Christine Coulson spent many years writing these various labels for the Metropolitan Museum of Art. This gave her the idea of trying to describe people as works of art.
And then — Coulson being Coulson — she took this idea a step further. Actually, she took it several staircases further. She decided to write an entire novel in the form of museum wall cards. The result is “One Woman Show,” an incredibly immersive and innovative read.
The following conversation has been edited for clarity and length.
Doug Gordon: Christine, what inspired you to write a novel in the form of the museum exhibition plaques?
Christine Coulson: Well, I worked at the Metropolitan Museum of Art for 25 years, and one of my last projects there was to write the wall labels for the new British galleries that opened in 2020. And it was while I was working on those galleries that I had the idea to write labels about people, to treat them like intricate works of art.
DG: How did you decide to focus on the life of one specific person, Kitty Whitaker?
CC: That’s important because I did not plan to write a book about Kitty Whitaker. I had the idea to do this, and then I let it cook for a while, almost a couple of years, which I quite like to do. I like to kind of withhold ideas and go visit them and specifically don’t write them down.
So it was cooking for a while, and then it came to the point where I really had to just try and write a label about a person. And I randomly picked a woman standing in the museum’s galleries, a kind of typical patrician Park Avenue lady. And I wrote the first label, which is actually still in the book. It’s about three quarters of the way through, and I had no particular investment in that character.
I called her Kitty and eventually she kind of took over the book. This was not a linear writing process. I didn’t start in 1906 and then write through a century of her life. It was more of a test to me as a writer to try this idea. And once I had that first label about Kitty, I thought, well, maybe I should try and write 20 labels about her. And I just started thinking about moments that I could capture.
I write on this big wall. So every time I write a label, I tape it to the wall. And so the story kind of spread like an inkblot as I populated this life with these moments to eventually create a kind of retrospective exhibition of a single person.
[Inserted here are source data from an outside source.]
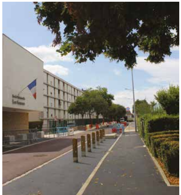
Perspective de la nouvelle petite voie des Fontaines.

Après les riverains de la résidence des closeaux, les collégiens et les jeunes enfants scolarisés à l'école des Sources vont découvrir à la rentrée, une petite voie des Fontaines toute neuve. Plusieurs mois de travaux ont été nécessaires afin de requalifier la voie, à la suite du passage du chauffage urbain.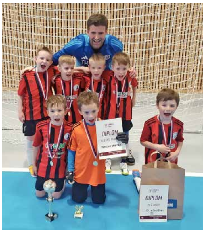
Sparta Cup Měnín U8 – 1. místo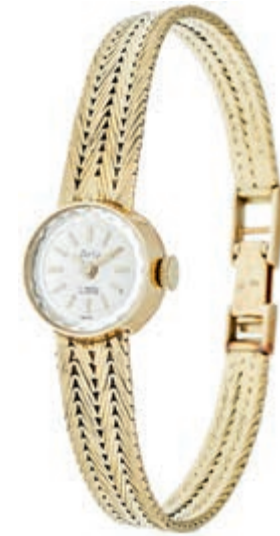
831 Damen-Armbanduhr "Arly", Schweiz, um 1950. 750er GG, Handaufzug, Zifferblatt mit Strichindex, Kal: 599, flaches Goldarmband geflochten mit Klappschließe, punziert auch Luchs1 (amtliche Punze Schweiz für ausländisches Uhrgehäuse), Dm 18,3mm, L = 17,0 cm, total 27,15 g, funktionsfähig, Service wird empfohlen. (Abbildungen siehe Onlinekatalog) 500,—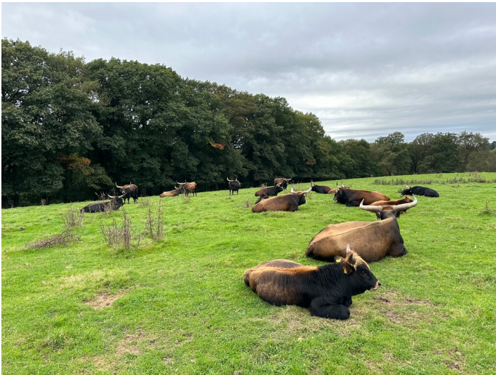
Heckrinder im Eiszeitlichen Wildgehege im Neandertal (2024).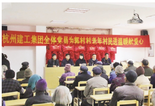
淳安县姜家镇郭村村与集团公司从帮扶到文明结对,已十余年,随着新农村建设,近年来,郭村村已发展扩大到由过去的庄口、上郭、下郭、东山下自然村四个村到现在组成一个村,现有村民2000多

作为践行“两学一做”学习教育重要内容之一,1月5日,集团新任“两委”书记及基层支部书记代表一行五人,带着集团全体党员浓浓的爱心,驱车三小时,前往与集团“文明结对”的郭村村开展为老年村民“送温暖、献爱心”活动。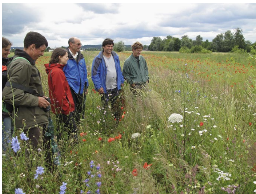
Abb. 3 | Diskussionen über Förderung der Artenvielfalt in Ackerbaugebieten z.B. mit Wildblumeneinsaat in Brachen und Säumen.

Studien bestätigt (z.B. Jurt 2003). Zudem konnten in den qualitativen Interviews Hinweise gefunden werden, wonach die Umsetzung von öAF vielfach durch praktische Gründe bestimmt wird. Beispielsweise werden extensive Wiesen bevorzugt auf ertragsärmeren oder schwerer zu bewirtschaftenden Standorten angelegt. Entgegen der Aussagen der Landwirte im qualitativen Befragungsteil korrelierten die sechs anderen Motivationen weder mit dem Anteil an öAF noch mit dem Anteil der gesamten öAF, die Qualität nach ÖQV aufweisen (Tab. 3). Neben den untersuchten Motivationen müssen also noch weitere Faktoren einen Einfluss auf das Verhalten (Ajzen 1991) bzw. die Umsetzung von öAF haben. ➤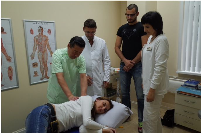
ベラルーシスポーツリハビリセンターにて指圧治療

指圧をすることによって、皮膚機能が活性化され、筋肉組織が柔軟化され、体液の循環が促され、神経機能の調和がはかられ、内分泌が調整され、骨格のバランスが整えられ、消化器系が正常化されます。これら7つの効果が指圧療法の効用の最も重要な要素です。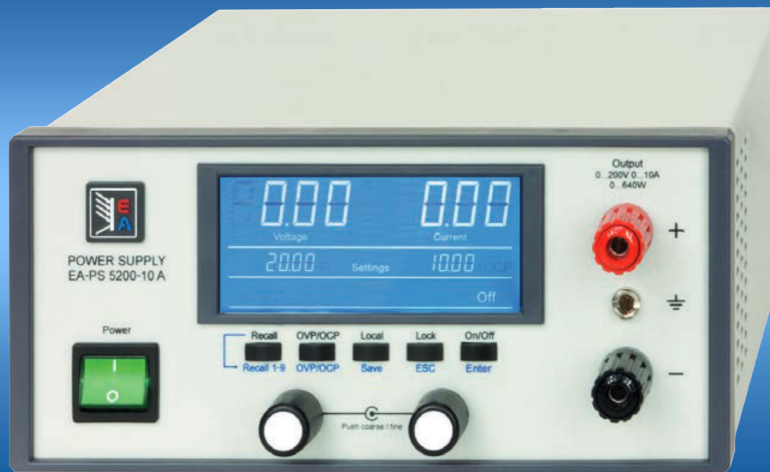
EA-PS 5200-10 A

Programmierbare DC-Tischnetzgeräte Programmable desktop DC Power supplies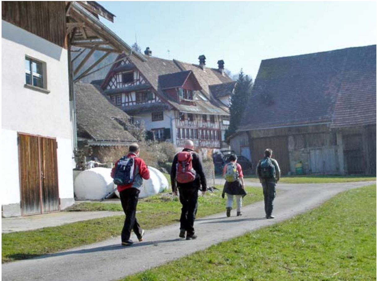
Eine halbe Stunde nach dem Start: Querung des Weilers Husertal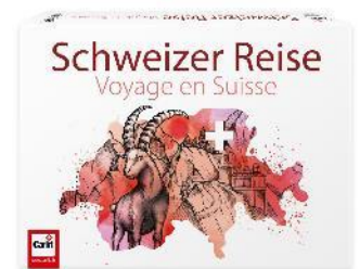
Carlit Schweizer Reise Laufspiel ab 8 Jahren

Das Puzzle «Swissness» zeigt die Schweiz von ihrer schönsten Seite. Das haptische Erlebnis des Puzzelns begeistert immer mehr Menschen jeden Alters. Die Konzentration auf das passende Teilchen hat für viele etwas Meditatives und verschafft wohlthuende Momente der Entspannung. Ein perfektes Geschenk – nicht nur für Puzzle-Fans.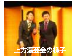
上方演芸会の様子

町制施行60周年を町民の皆様はもとより、「ふるさと応援団」などゆかりの皆様と共に祝い参加していただきながら、訓子府町の新たなスタートにさせていただきたいと夢を膨らませております。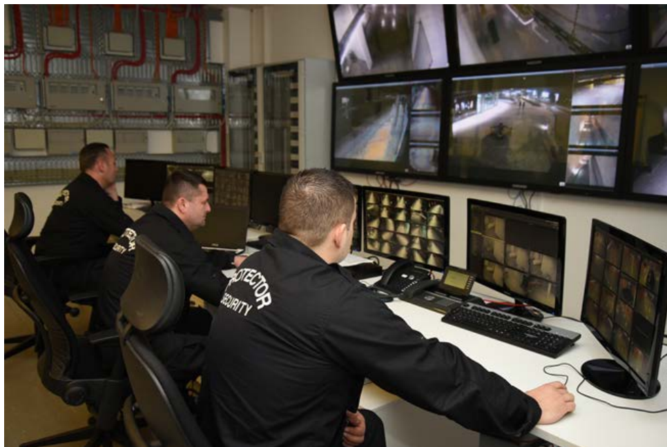
Slika br.1 - Tehnički sistem zaštite

Tehnički sistemi zaštite predstavljaju naučnu disciplinu u kojoj najbrže nalaze svoju primenu najnovija tehnička i tehnološka dostignuća (slika br. 1).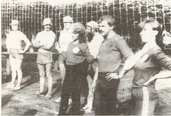
● Pirms sacensību sākuma, 2. ceha un apvienotā komanda.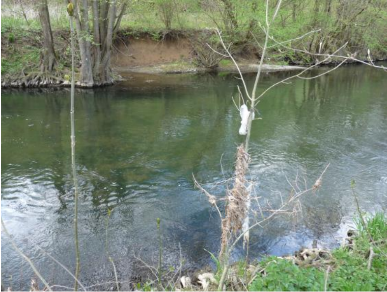
Die Tauber südlich von Lauda-Königshofen

Am Ufer im Hintergrund ist der aus Überflutungssedimenten entstandene Braune Auenboden ( i85) über hellem Muschelkalk-Kies zu sehen. Im Vordergrund ist die im Gehölz hängen gebliebene Fracht der Tauber eine Marke für den Höchststand des letzten Hochwassers.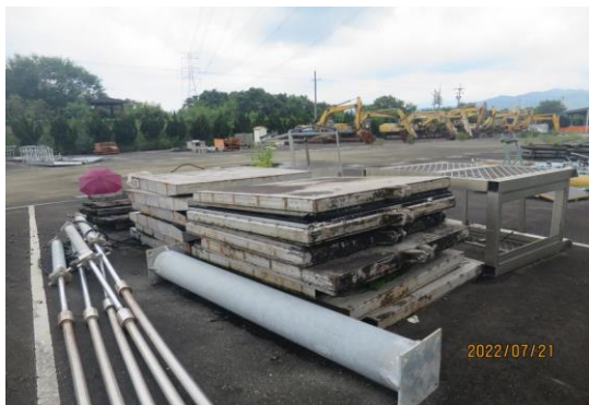
編號27-H62 油壓管5支、鐵閘門13片、木閘門2 片、亞鐵管1支、廢材一批(2鐵1鋁)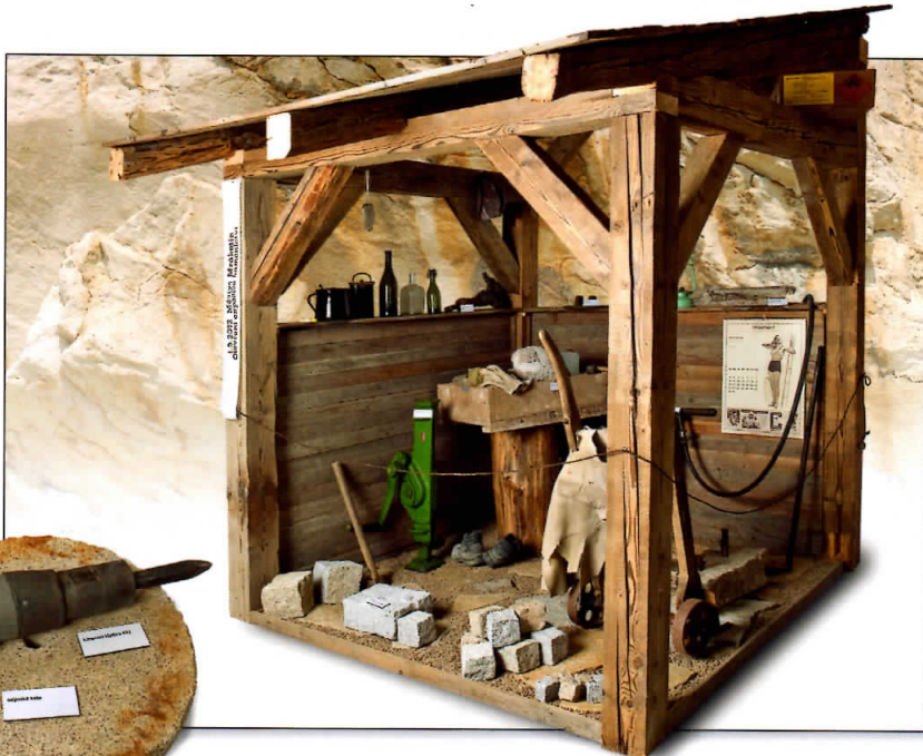
MRÁKOTÍN – Kamenictví

DG: Your original idea of doing multiple people would still be really great. But I think you really nailed it by just focusing on one person.
CC: Right. And you get the other people in there the way you would in a retrospective exhibition where the curator shows you comparative material.
So in terms of museum approach to looking at this life … there’s a lot that Kitty has in common with the works of art we evaluate and critique all the time. She’s treated that way from her earliest childhood throughout her life. She’s kind of collected and prized. And so that ability to extend that treatment to her and then have to include other people around her in order to give her context is a very typical museum approach.
DG: I’m curious about your creative process. Did you figure out what Kitty’s life had been like before you started writing the novel, or did you make decisions as you wrote? I believe it was the latter, right?
CC: Yeah. As I wrote, I was also really trying to stretch the form. Label writing is very specific. You only get 75 words. There’s a certain voice. Every word has to work. There are no throwaway phrases. So I’m working within a form.
But then I’m also trying to write a traditional novel that needs things like plot and character development and emotional connection. So as I was piecing it together, I was kind of aware of those two things working simultaneously, and I was trying to stretch that form to its greatest capacity. You know, how could I write a funny label? Could I write an emotional label? Could I write a sexy label? Like, what can you really do with this kind of constraint? How far can you push it?
DG: And you pushed it as far as it could go. Maybe even further. It’s such an innovative idea. It’s got what adman Rosser Reeves called USP, the Unique Selling Proposition, because I don’t think there’s any other novel like that. When you came up with the idea, were you worried that this was such an original idea that people might not be able to understand it?
CC: I was worried if it was sustainable. I was worried if it could go beyond just being clever. So I had a lot of readers as I wrote this, particularly in the early stages, both art people and non-art people, to see whether it could be carried and that they could keep up with it and that they really wanted to turn the page.
The strategy of the book is really kind of the opposite of what you experience in the museum, where you look at a work of art, and then you read a label to explain it. Here, I’m giving you the label and every label is opposite a blank page. And so it’s like the job is for you to conjure what I’m describing. So it’s more like label as catalyst rather than explanation.
I love the kind of pulling the reader in in that way and making them complicit in the storytelling. I mean, that happens all the time, even in traditional novels. If you describe a battle scene or a dinner party, you’re making that image as you read. But this actually formally shows you what that’s like. It’s like a metaphor for reading, which I really love. That blank page is very powerful.
As you conjure Kitty, I never describe what Kitty looks like. I never describe what she’s wearing. I want you to make Kitty and make it about what’s happening to her and how she feels about that and what the context is for that. So I love the idea of pulling the reader in that way. And that’s what I had to make sure worked.
DG: The early wall labels contain the line “collection of Martha and Harrison Whitaker,” Kitty’s parents. In this context, the words “collection of” made me think that Kitty’s parents were objectifying their daughter. Did you intend for the reader to have that thought, or am I totally on the wrong track with that idea?
CC: Oh, I think you’re right. I think you can tell Kitty knows she’s being watched from the very beginning. I mean, she understands and I kind of liked that. Actually, she’s very aware of what she’s going through. She’s very aware of the competition involved in the goal of marrying. This is 1906 when she’s born. So these are early days. Some of this hasn’t changed. But I found that the ability for Kitty to simultaneously participate in this societal practice and be aware of it and manipulate it when she needed to was important to kind of give her some agency.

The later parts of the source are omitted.